Pulling non-mirrored codelists?


(Matt Geddes) #1

Hi,

Please can I ask how other people handle the codelists that are not directly mirrored by IATI? For DAC5 etc we (a computer) can pull them directly, but for e.g. the Humanitarian sectors/clusters, the IATI codelist links to a webpage where you can download them as a csv - of course we can write a scraper to locate the CSV and download it, and then deal with the import - but this could easily break and is reliant on a non IATI third party.

Any tips for how everyone else handles this? Any pointers to why some codelists are integrated (therefore higher class IATI citizens) and others are not?

Thanks a lot,

Matt


(Matt Geddes) #2

Bump - anyone?..


(Andy Lulham) #3

Hi Matt,

I’d suggest adding an issue on the Open Knowledge datasets repo:

Then there’s potential to find collaborators who can help with maintaining a scraper.

I don’t know. I guess there’s some heuristic that factors in how widely used the codelist is likely to be, how difficult the original is to use (e.g. the format it’s in), how frequently it updates etc…


(Matt Geddes) #4

Thanks @andylolz

@IATI-techteam can you share any light on this? How come only the DAC5 vocab is integrated and not the other sector vocabs?


(IATI Technical Team) #5

@matmaxgeds Ideally we would not have to replicate any of the external codelist but historically we have done so for the OECD DAC and a few others.
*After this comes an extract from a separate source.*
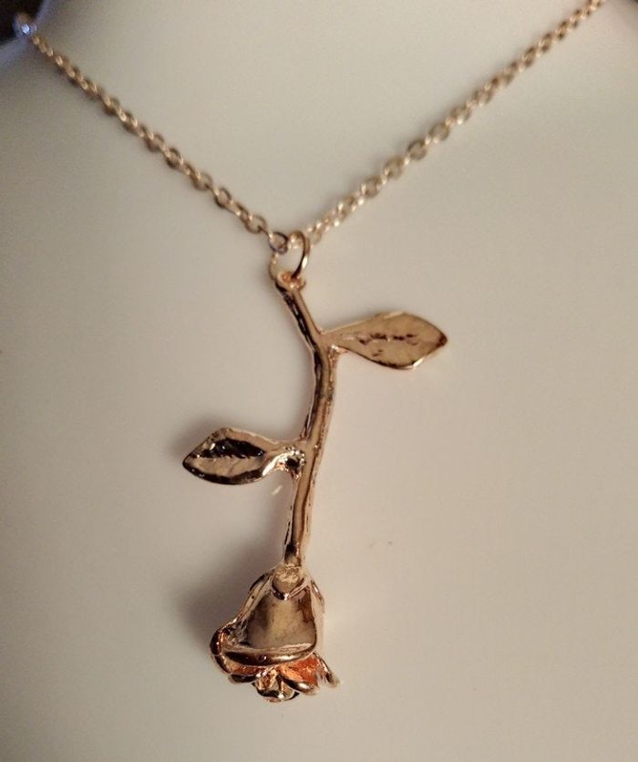 Chaine de 40 cms. Hauteur de la rose coloris or rose : 3.5 cms. Collier neuf sous blister. N'hésitez pas à regarder mes autres ventes. Envoi rapide et soigné.

We have done this mainly for convenience and accessibility of users.
We are unable to maintain and replicate all external codelists. It is the responsibility of the codelist providers to make sure they are up-to-date and easily accessible to users via the URLs they have provided and we link to on the IATI page.


(Matt Geddes) #6

Hi @IATI-techteam - thanks for the response.

Could we move to a system where the community maintain them as part of IATI in the same way they can submit pull requests for DAC5?
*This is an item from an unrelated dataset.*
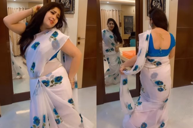 Viral Video: सोशल मीडिया पर अकसर डांस के वीडियो वायरल होते हैं। ऐसा ही एक वीडियो इन दिनों इंटरनेट पर जमकर वायरल हो रहा है। वीडियो में भाभी शीशे के सामने डांस करती नजर आ रही हैं। भाभी ने बेहद सुंदर सफेद पर नीले रंग के प्रिंट की हुई साड़ी पहनी हुई है।

I ask because not embedding these codelists makes it much harder to use any IATI data that does not use DAC5 sectors, and all the different systems that use IATI data have to maintain their own codelists - this would be much more efficient if it were handled by IATI.

Thanks,

Matt


(Bill Anderson) #7

I don’t think it is realistic to expect a voluntary community to maintain a reliable suite of replicated standards.

Rather I think we, along with other open data standards and other consumers of these coding standards, should argue:

  • for all codelists to be API accessible
  • and (I know this is ambitious) for common protocols in consuming these lists?

(Matt Geddes) #8

Thanks @bill_anderson - this sounds a good direction of travel.

Currently non DAC5 data is completely inaccessible to non-technical users e.g. I can’t search for it via d-portal, OIPA or the datastore, so if we are going to keep having it as part of the standard, the question is what steps are we going to take to make it useful?

I think your focus on APIs is the right one. Can we adjust the rules so that IATI either only adds external codelists that are available by API, or requests the organisations to whom the codelists belong to upload a copy in a standard format for IATI to make available via their API?